BEGIN

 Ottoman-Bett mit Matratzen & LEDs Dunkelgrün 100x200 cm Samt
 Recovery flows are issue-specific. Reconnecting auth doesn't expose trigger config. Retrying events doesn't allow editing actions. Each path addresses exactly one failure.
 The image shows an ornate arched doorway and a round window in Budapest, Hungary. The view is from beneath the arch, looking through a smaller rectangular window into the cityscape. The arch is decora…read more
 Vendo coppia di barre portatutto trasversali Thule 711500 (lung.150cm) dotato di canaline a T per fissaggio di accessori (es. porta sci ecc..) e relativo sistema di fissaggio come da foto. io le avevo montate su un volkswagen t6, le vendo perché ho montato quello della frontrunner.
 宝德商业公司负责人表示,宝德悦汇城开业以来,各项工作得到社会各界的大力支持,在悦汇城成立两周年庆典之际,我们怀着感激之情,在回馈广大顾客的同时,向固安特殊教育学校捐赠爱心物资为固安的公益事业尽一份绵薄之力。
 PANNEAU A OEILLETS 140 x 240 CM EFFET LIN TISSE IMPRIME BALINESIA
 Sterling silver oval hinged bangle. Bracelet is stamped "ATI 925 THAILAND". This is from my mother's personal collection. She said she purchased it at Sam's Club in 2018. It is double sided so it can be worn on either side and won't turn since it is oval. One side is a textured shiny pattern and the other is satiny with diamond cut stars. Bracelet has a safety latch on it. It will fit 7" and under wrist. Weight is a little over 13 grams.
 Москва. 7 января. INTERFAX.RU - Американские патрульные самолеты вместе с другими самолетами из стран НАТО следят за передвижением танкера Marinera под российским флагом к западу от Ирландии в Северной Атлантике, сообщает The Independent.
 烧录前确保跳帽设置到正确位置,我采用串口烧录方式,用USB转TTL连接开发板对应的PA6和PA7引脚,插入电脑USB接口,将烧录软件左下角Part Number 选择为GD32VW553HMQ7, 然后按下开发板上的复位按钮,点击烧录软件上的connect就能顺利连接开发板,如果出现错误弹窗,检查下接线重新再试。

END

Task objective: In the entries above, find the line containing "The image shows". Set down that line and every line after it through the last one, exactly and alone.

Output:
 The image shows an ornate arched doorway and a round window in Budapest, Hungary. The view is from beneath the arch, looking through a smaller rectangular window into the cityscape. The arch is decora…read more
 Vendo coppia di barre portatutto trasversali Thule 711500 (lung.150cm) dotato di canaline a T per fissaggio di accessori (es. porta sci ecc..) e relativo sistema di fissaggio come da foto. io le avevo montate su un volkswagen t6, le vendo perché ho montato quello della frontrunner.
 宝德商业公司负责人表示,宝德悦汇城开业以来,各项工作得到社会各界的大力支持,在悦汇城成立两周年庆典之际,我们怀着感激之情,在回馈广大顾客的同时,向固安特殊教育学校捐赠爱心物资为固安的公益事业尽一份绵薄之力。
 PANNEAU A OEILLETS 140 x 240 CM EFFET LIN TISSE IMPRIME BALINESIA
 Sterling silver oval hinged bangle. Bracelet is stamped "ATI 925 THAILAND". This is from my mother's personal collection. She said she purchased it at Sam's Club in 2018. It is double sided so it can be worn on either side and won't turn since it is oval. One side is a textured shiny pattern and the other is satiny with diamond cut stars. Bracelet has a safety latch on it. It will fit 7" and under wrist. Weight is a little over 13 grams.
 Москва. 7 января. INTERFAX.RU - Американские патрульные самолеты вместе с другими самолетами из стран НАТО следят за передвижением танкера Marinera под российским флагом к западу от Ирландии в Северной Атлантике, сообщает The Independent.
 烧录前确保跳帽设置到正确位置,我采用串口烧录方式,用USB转TTL连接开发板对应的PA6和PA7引脚,插入电脑USB接口,将烧录软件左下角Part Number 选择为GD32VW553HMQ7, 然后按下开发板上的复位按钮,点击烧录软件上的connect就能顺利连接开发板,如果出现错误弹窗,检查下接线重新再试。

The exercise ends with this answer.